▶ **PROBLEM**:
Stop after the line with "こんなアンティークなボードシ". Up to that point, output every line of the listing below exactly from the first one onward, skipping pictures.

▶ **RECORDED INFORMATION**:
# # # #
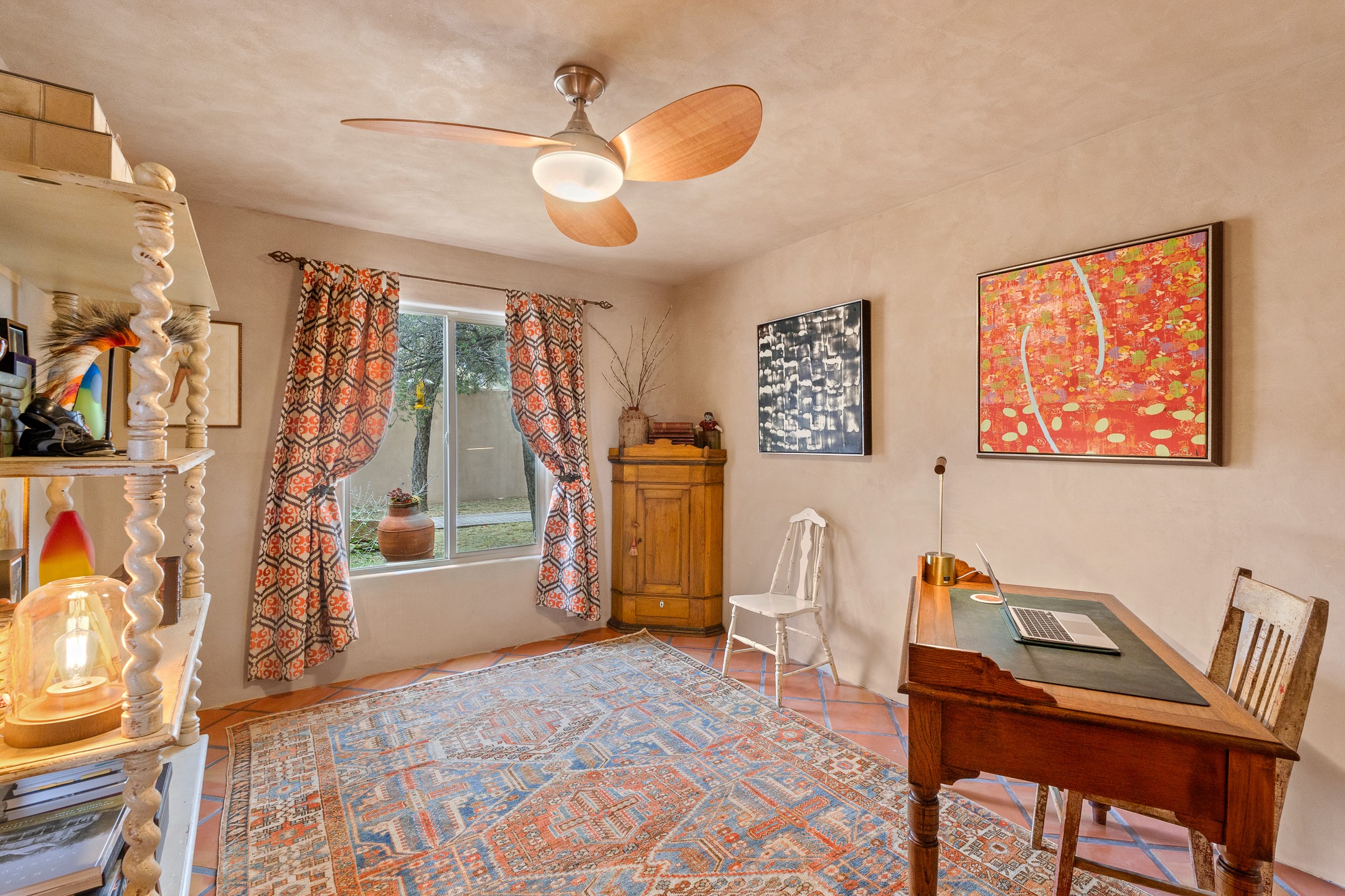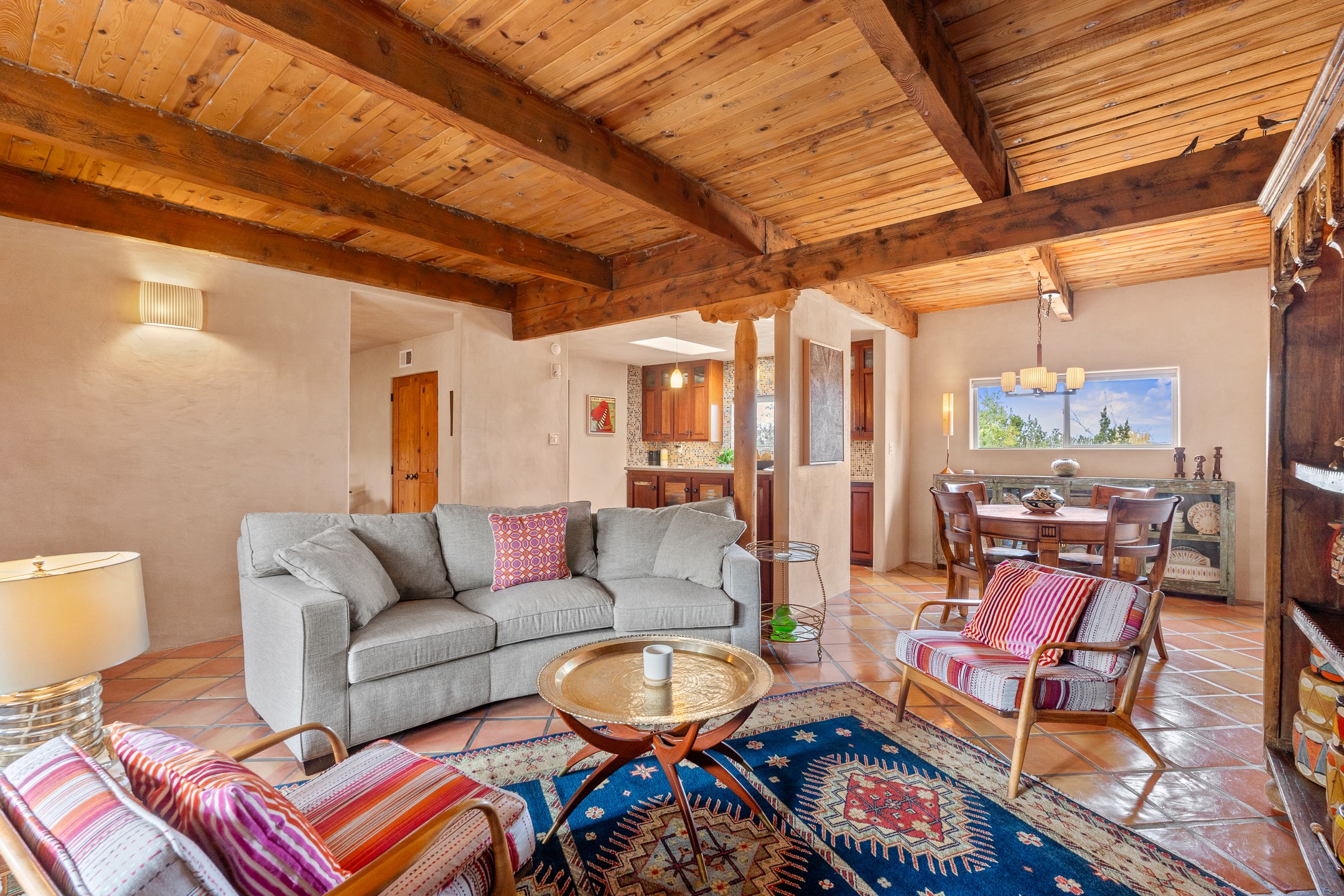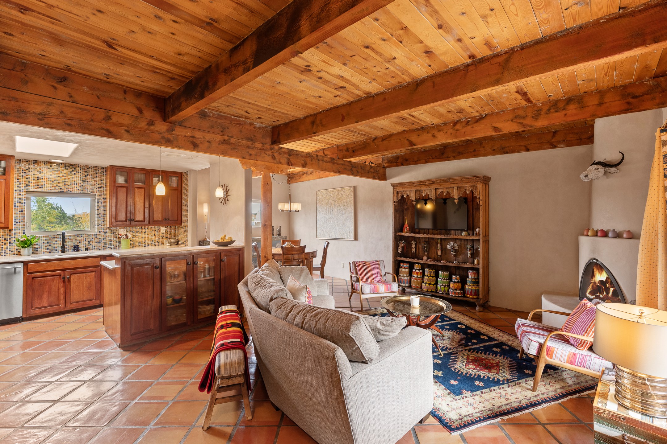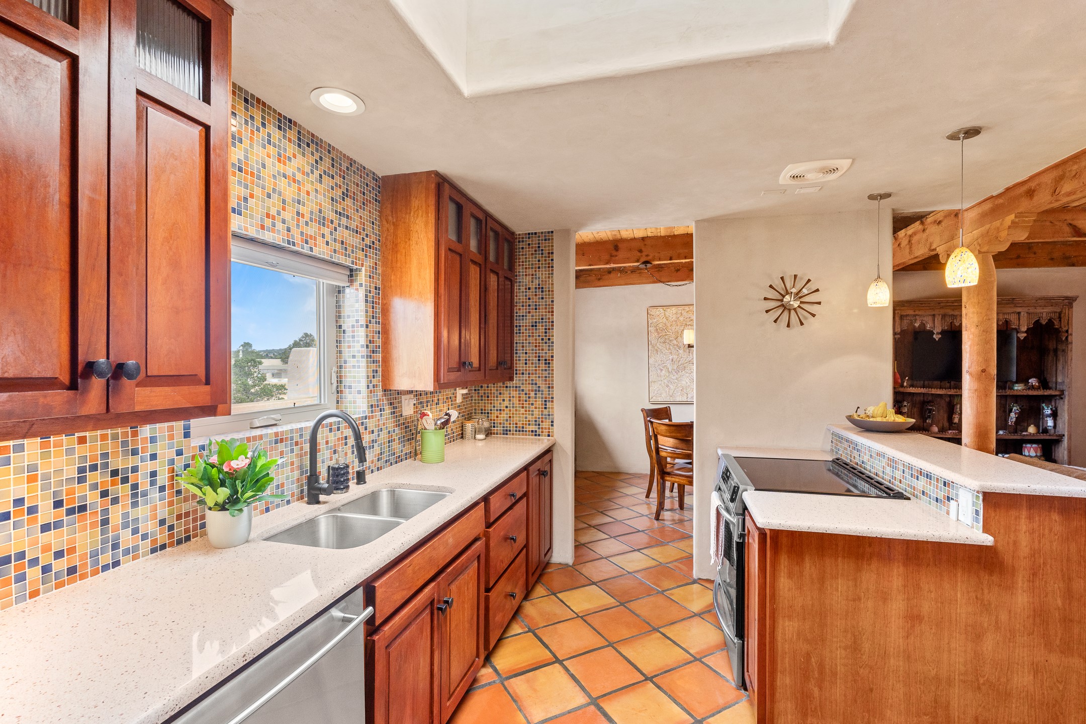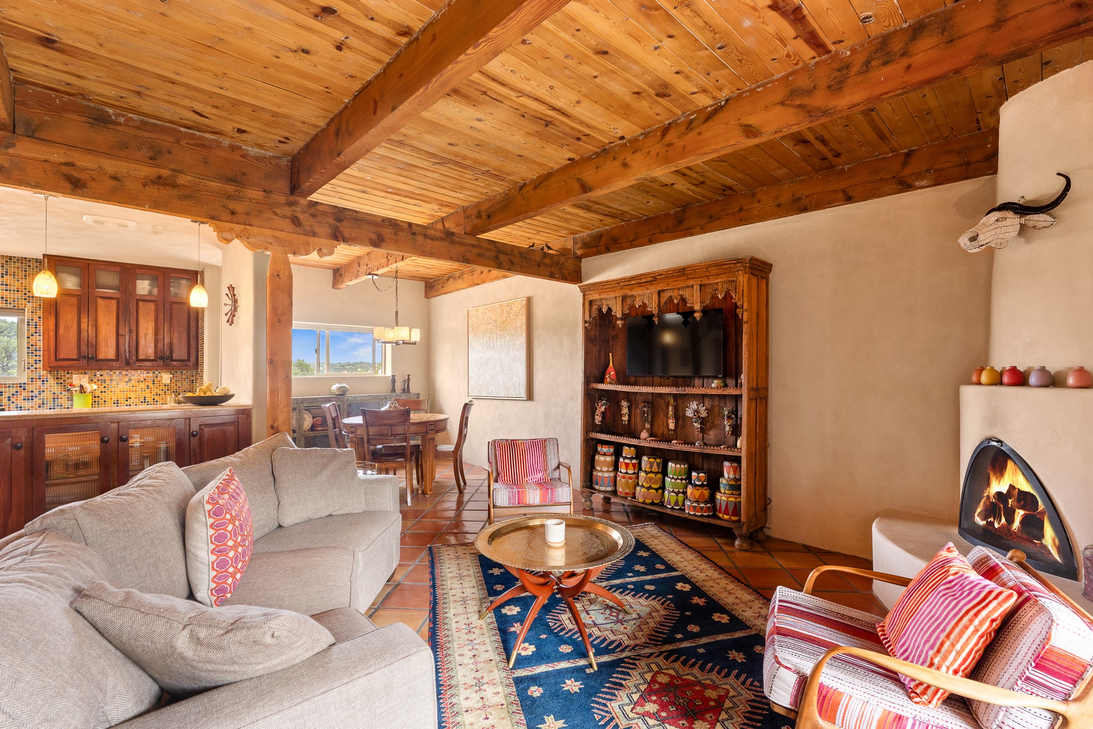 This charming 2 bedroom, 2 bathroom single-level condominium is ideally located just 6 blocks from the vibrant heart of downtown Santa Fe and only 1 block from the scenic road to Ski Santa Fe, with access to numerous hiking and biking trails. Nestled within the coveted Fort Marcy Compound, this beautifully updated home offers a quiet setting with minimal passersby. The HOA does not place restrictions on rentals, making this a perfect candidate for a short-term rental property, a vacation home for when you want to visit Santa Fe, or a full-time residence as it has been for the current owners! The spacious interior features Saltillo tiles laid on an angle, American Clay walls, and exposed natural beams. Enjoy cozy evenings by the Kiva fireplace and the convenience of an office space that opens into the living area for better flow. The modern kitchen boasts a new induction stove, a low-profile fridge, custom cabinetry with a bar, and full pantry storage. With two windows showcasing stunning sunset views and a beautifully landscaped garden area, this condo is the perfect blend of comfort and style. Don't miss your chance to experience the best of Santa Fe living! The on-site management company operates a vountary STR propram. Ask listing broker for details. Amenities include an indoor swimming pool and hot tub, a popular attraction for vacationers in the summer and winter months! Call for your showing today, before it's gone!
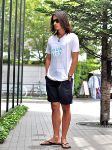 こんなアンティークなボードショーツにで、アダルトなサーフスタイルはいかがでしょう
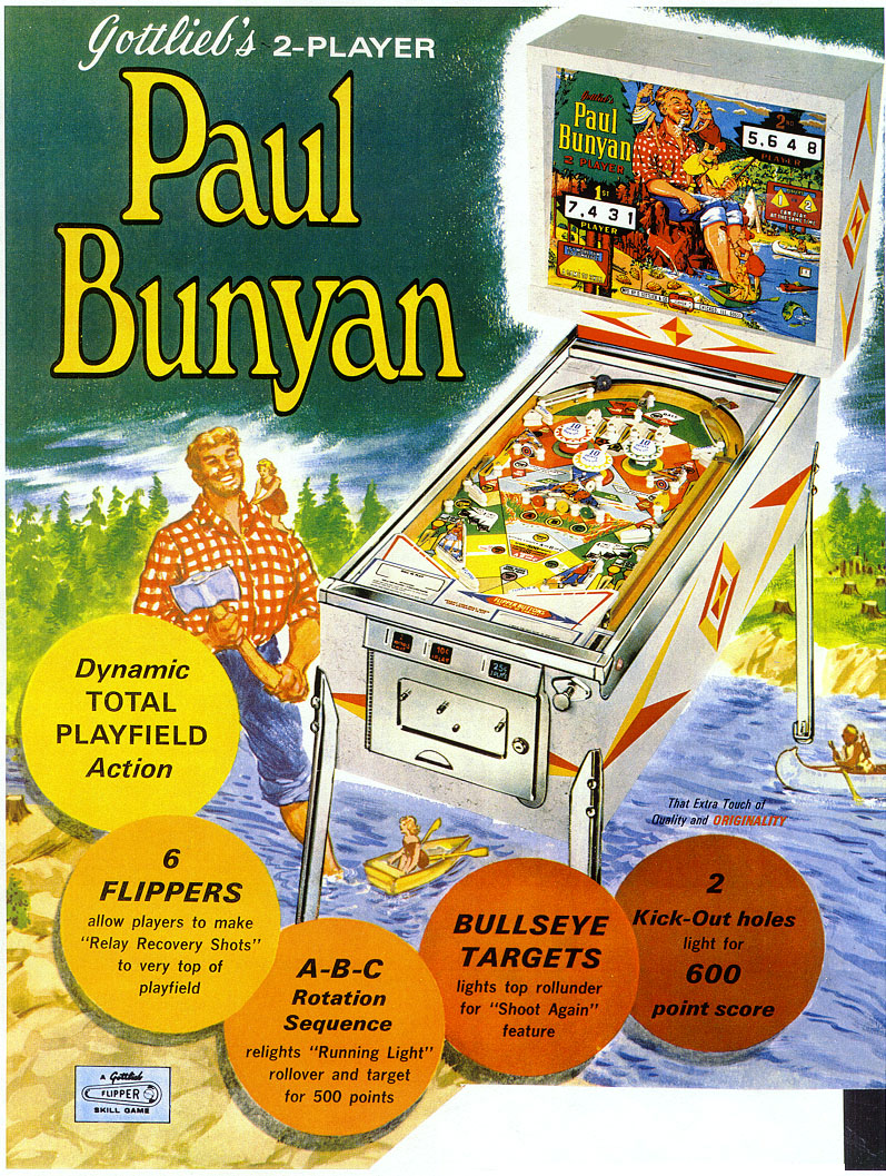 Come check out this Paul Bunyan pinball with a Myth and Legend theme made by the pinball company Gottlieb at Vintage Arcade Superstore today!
# # # #
▶ **WRITTEN RESPONSE**:
 This charming 2 bedroom, 2 bathroom single-level condominium is ideally located just 6 blocks from the vibrant heart of downtown Santa Fe and only 1 block from the scenic road to Ski Santa Fe, with access to numerous hiking and biking trails. Nestled within the coveted Fort Marcy Compound, this beautifully updated home offers a quiet setting with minimal passersby. The HOA does not place restrictions on rentals, making this a perfect candidate for a short-term rental property, a vacation home for when you want to visit Santa Fe, or a full-time residence as it has been for the current owners! The spacious interior features Saltillo tiles laid on an angle, American Clay walls, and exposed natural beams. Enjoy cozy evenings by the Kiva fireplace and the convenience of an office space that opens into the living area for better flow. The modern kitchen boasts a new induction stove, a low-profile fridge, custom cabinetry with a bar, and full pantry storage. With two windows showcasing stunning sunset views and a beautifully landscaped garden area, this condo is the perfect blend of comfort and style. Don't miss your chance to experience the best of Santa Fe living! The on-site management company operates a vountary STR propram. Ask listing broker for details. Amenities include an indoor swimming pool and hot tub, a popular attraction for vacationers in the summer and winter months! Call for your showing today, before it's gone!
 こんなアンティークなボードショーツにで、アダルトなサーフスタイルはいかがでしょう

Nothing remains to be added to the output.